Machine Learning Improves 5G Networks Data Traffic
5G networks operate at higher frequencies with very wide channels. They use highly complex antenna configurations which apply beamforming as well as other complicated connectivity systems. 5G networks use multiple-input-multiple-output (MIMO) antennas to handle much more data over the same data signal at the same time. MIMO allows far more data transmitted across the network without negatively impacting the transmission of other data.
Machine learning is the key to handling all that data without interruption and with lower power consumption. ML allows the 5G network to analyze data patterns and use learned models to transmit data more efficiently. Machine learning analyzes the results from transmitted and received baseband data and uses them to optimize wireless channel encoders. The optimizer is an artificial neural network (NN). Using a training algorithm, the NN creates a model of the channel and feeds the data into the ML algorithm. The more data the optimizer is fed, the better it can learn and produce more accurate results.
A 5G network, can therefore, not come close to achieving its full potential, without machine learning. 5G wireless networks must be predictive and proactive without the need for continuous programming of new algorithms. Integrating ML into 5G technology allows intelligent base stations to make decisions for themselves and create dynamically adaptable clusters based on learned data.
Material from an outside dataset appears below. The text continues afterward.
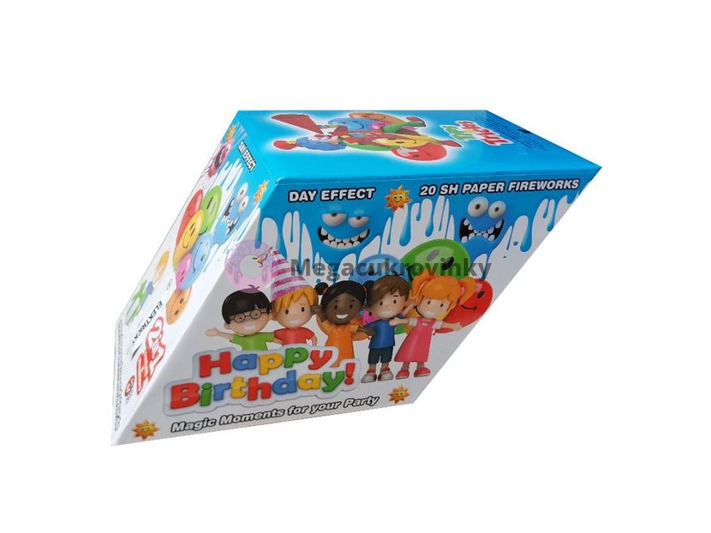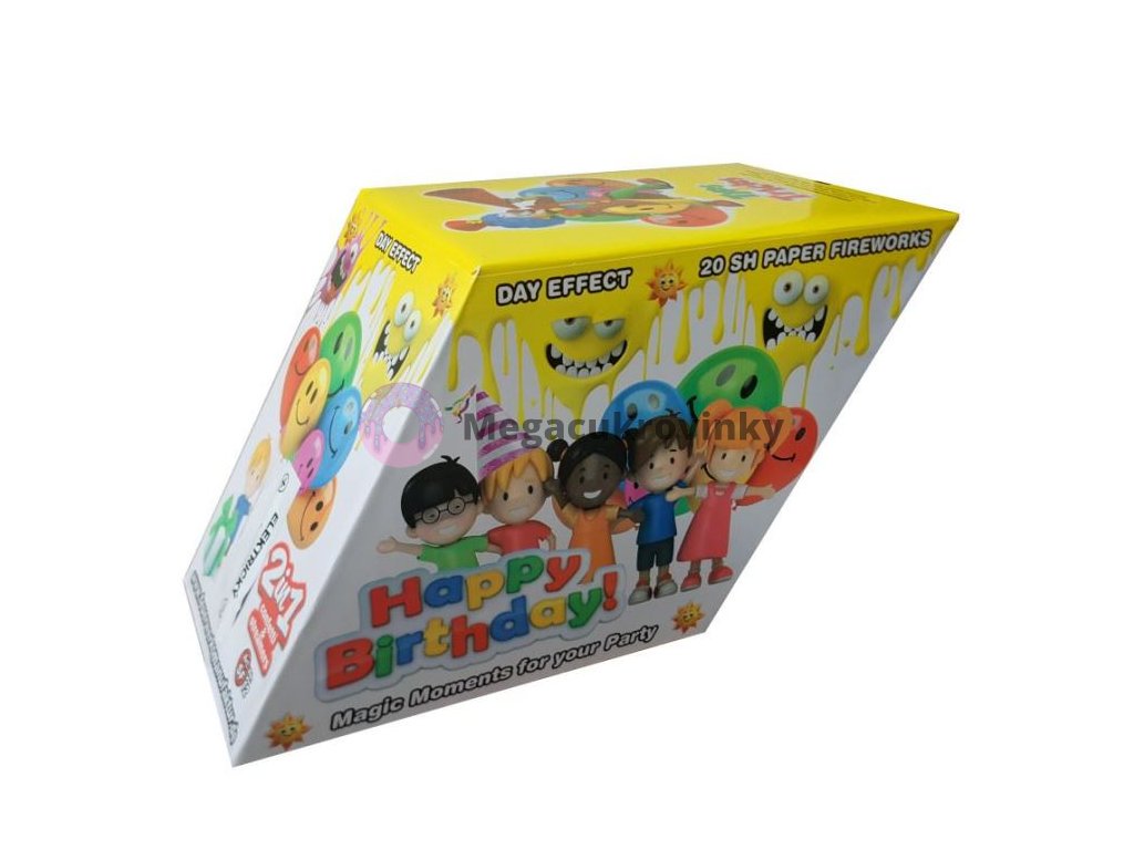 Konfetový ohňostroj 12 ran HAPPY BIRTHDAY – KONFETY a STUHYMix barev: bílé, tyrkysové, červené, žluté, modré, fialové a růžové stuhy. Dlouhé barevné stuhy.Délka stuh: 8-9 metrů, Délka trvání efektu: 20 sek. Video naleznete zde. Výrobek položte na rovnou a pevnou podložku. Stabilizujte vhodným způsobem tak, aby nedošlo k jeho převrácení resp.posunu vzad. Odstraňte ochrannou fólii nad zápalnicí. Pro lepší efekt odstraňte ochranný papír na horní části výrobku. Zapalte zápalnici na jejím konci a odstupte do vzdálenosti min. 6 m. Nenaklánějte se nad ústí výrobku! Po 3-6 sek. dojde k vystřelování barevných papírových stuh s konfetami do vzdálenosti cca 10-15 m. V případě varianty výrobku s elektrickým palníkem, opatrně vytáhněte a rozviňte přívodní vodiče. K iniciaci funkce výrobku dojde za 3-6 sek. po připojením roznětného impulsu min.6V (1 A)/ 4 ms. / na přívodní vodičeelektrického palníku. V případě selhání výstřelu položit výrobek ve směru výmetu od sebe a ponechat v klidu cca 10 minut. Následně výrobek ponořte do nádoby s vodou na 24 hod. a poté zneškodněte jako tuhý odpad. Ve směru výstřelu se nesmí nacházet žádné překážky (větve stromů, eletr.vedení a pod.) V bezpečnostním okruhu se nesmí nacházet žádné osoby. Výrobek je ve 3 barevných variantách obalu, barva obalu Vám bude vybrána dle aktuálních skladových zásob.

This improves the efficiency, latency, and reliability of network applications.
How does Machine Learning Help 5G Networks and Vice Versa?
What does all this mean for the everyday data user? By using machine learning to improve network functions, 5G network operators are able to devote less time to managing networks. This allows for an increase in the development of Internet of Things (IoT) devices with more purposeful uses. Furthermore, users are able to connect to more IoT devices at once. IoT devices will become available to a variety of new fields, including business, manufacturing, healthcare, and transportation. Possible use cases include self-driving vehicles, time-critical industry automation, and remote healthcare.
On the flip side, the speed and low latency of 5G allows machine learning algorithms to make rapid decisions. Once a NN has been trained to perform a task or set of tasks, the analysis will become automatic, faster, and far less costly. Therefore, cloud-based services will speed up to approximate the speed of using a service locally. The data is then analyzed faster, allowing AI to develop according to a user’s needs.
With ultra-reliable low latency and data transmission up to 10 times faster than 4G, 5G networks powered by machine learning are poised to make the futuristic imaginings of the past a reality sooner rather than later.